Sova and McLaren were joined by Elder and artist Liz Osawamick and Associate Professor and Graduate Program Director of Interdisciplinary Art, Media and Design Peter Morin who shared their knowledge.
“Working alongside OCAD U and Bahamian artists every day created a special web of interrelationships. I was thankful for the presence of the Indigenous Elder Liz Osawamick and Anishinaabe artist Nadia McLaren. Their support and teachings throughout the residency brought me comfort and helped me to feel grounded,” said participant Bert Pringle who is a student in OCAD U’s Indigenous Visual Culture program.
“I was happy that the Bahamian students were able to share in some of my cultural teachings as well. Learning from one another, exchanging cultural methodologies of existing and coming together in community was inspirational," he continued.
The second half of the program is currently underway with students, faculty and community members from the Bahamas and Toronto visiting a diverse range of sites, meeting with creative practitioners and gaining experiences distinct to Turtle Island.
The group has viewed exhibitions at the Art Gallery of Ontario, The Power Plant and 401 Richmond, The Royal Ontario Museum, Spadina House; received a gallery tour with Indigenous Art Curator and Associate Dean of the Faculty of Arts and Science Ryan Rice at Onsite Gallery; participated in an historical walk around Kensington Market; visited the Petroglyphs Provincial Park; enjoyed Toronto’s annual Caribbean Festival; learned from Indigenous OCAD U student Emma Martin about using sustainable materials in photography; learned more about the Centre for the Study of Black Canadian Diaspora by founder and Associate Professor Dr.
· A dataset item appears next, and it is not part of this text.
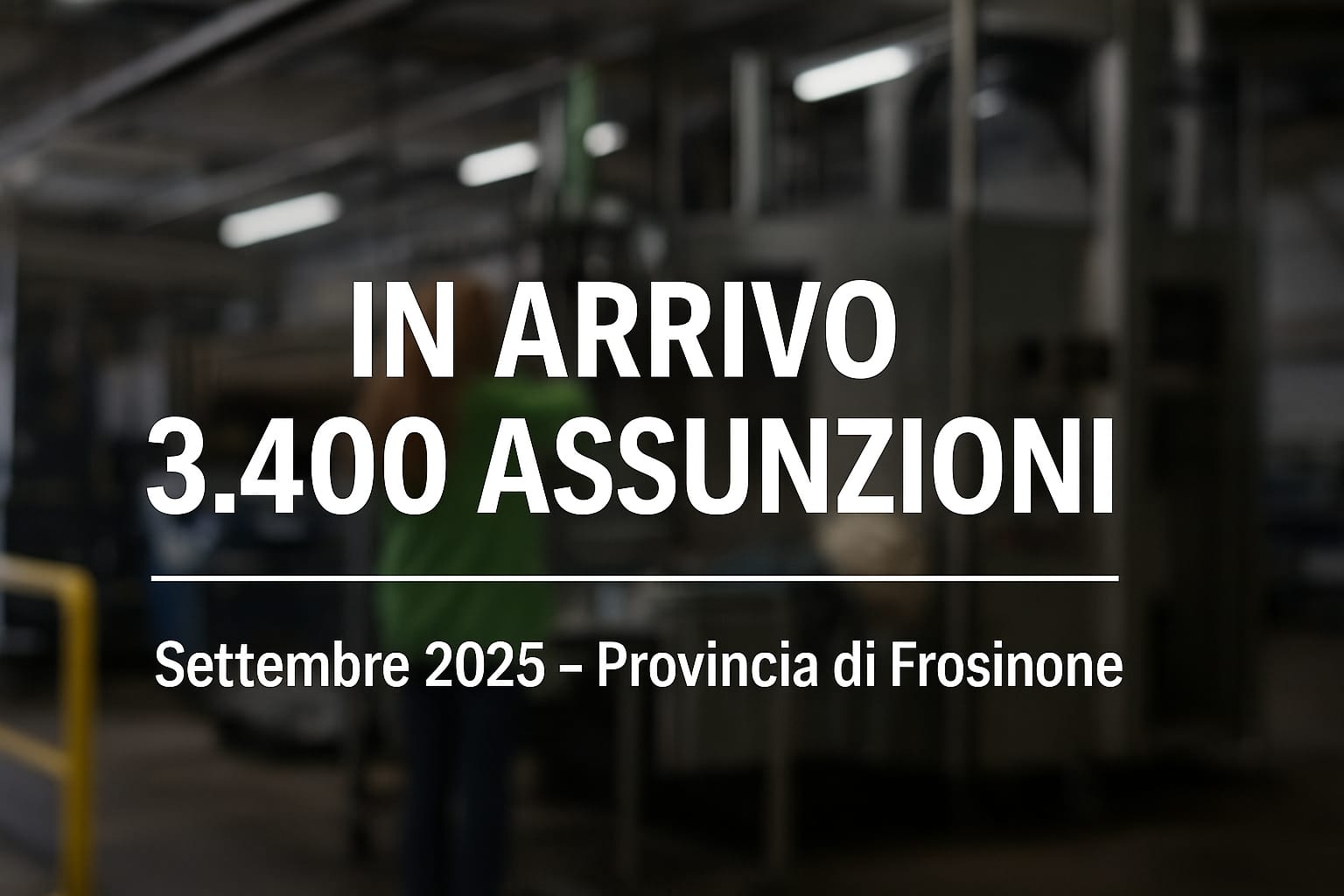 Il rapporto Excelsior di Unioncamere e Anpal prevede per il mese di settembre circa 3.400 nuove assunzioni nella provincia di Frosinone. Si tratta di un dato significativo, anche se in calo rispetto ad agosto, quando i contratti stimati erano 4.400.

Andrea Fatona; and practiced encaustic painting techniques with Faculty of Art Associate Professor Nicole Collins.
Participants in the program were selected through an open call, with a focus on supporting participation from Black, Afro-Indigenous and Indigenous identifying students. They received funding from the Government of Canada’s Global Skills Opportunity program for their travel.
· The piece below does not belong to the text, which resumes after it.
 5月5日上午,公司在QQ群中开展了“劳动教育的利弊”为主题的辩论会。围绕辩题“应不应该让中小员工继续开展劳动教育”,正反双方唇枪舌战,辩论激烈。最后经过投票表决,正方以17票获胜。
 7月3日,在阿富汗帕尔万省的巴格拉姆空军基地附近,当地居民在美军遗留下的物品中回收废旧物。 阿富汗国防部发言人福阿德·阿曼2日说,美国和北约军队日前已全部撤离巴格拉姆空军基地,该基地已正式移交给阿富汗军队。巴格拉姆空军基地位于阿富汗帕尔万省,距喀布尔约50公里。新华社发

The residency program has been further supported by OCAD U International as part of its focus to build collaborations with institutions and community organizations in the Caribbean. University of the Bahamas’ Dr. Dougals Barkey, Dean, Liberal and Fine Arts and Associate Professor Heino Schmid also played a major role in realizing the project.
“This program is a great example of how we can expand and re-envision the potential of global collaboration for the OCAD U community. Piloting new approaches like these, along with the support from the Government of Canada’s Global Skills Opportunity program, allows OCAD U to work to remove barriers to participation in international programs for students,” explained Jennie Suddick, Manager, International Programs and Collaboration.
The residency activities both in Canada and the Bahamas received additional funding from the Faculty Mobility for Partnership Building Program with Edu Can and the Social Sciences and Humanities Research Council Connection Grant.
“This residency provided a valuable vehicle for faculty and student artists to exchange ideas and develop broader awareness of best practices in art-making within a frame of decolonization,” notes Sova.
Exhibition launches August 5
The culminating exhibition is titled Social in the Gallery and features painting, drawing, sculpture, video, photography, mixed media and collage works by students from the University of Bahamas, Project ICE and OCAD U.
The works will be on display at OCAD U’s Ada Slaight Gallery at 100 McCaul St. from August 5 to 10, during the building’s hours of operation (Monday to Friday, 8:30 a.m. to 5 p.m.).
Join residency participants and featured artists Friday, August 5 from 6 to 9 p.m. at the gallery to hear more about their experience in the residency program and their artwork.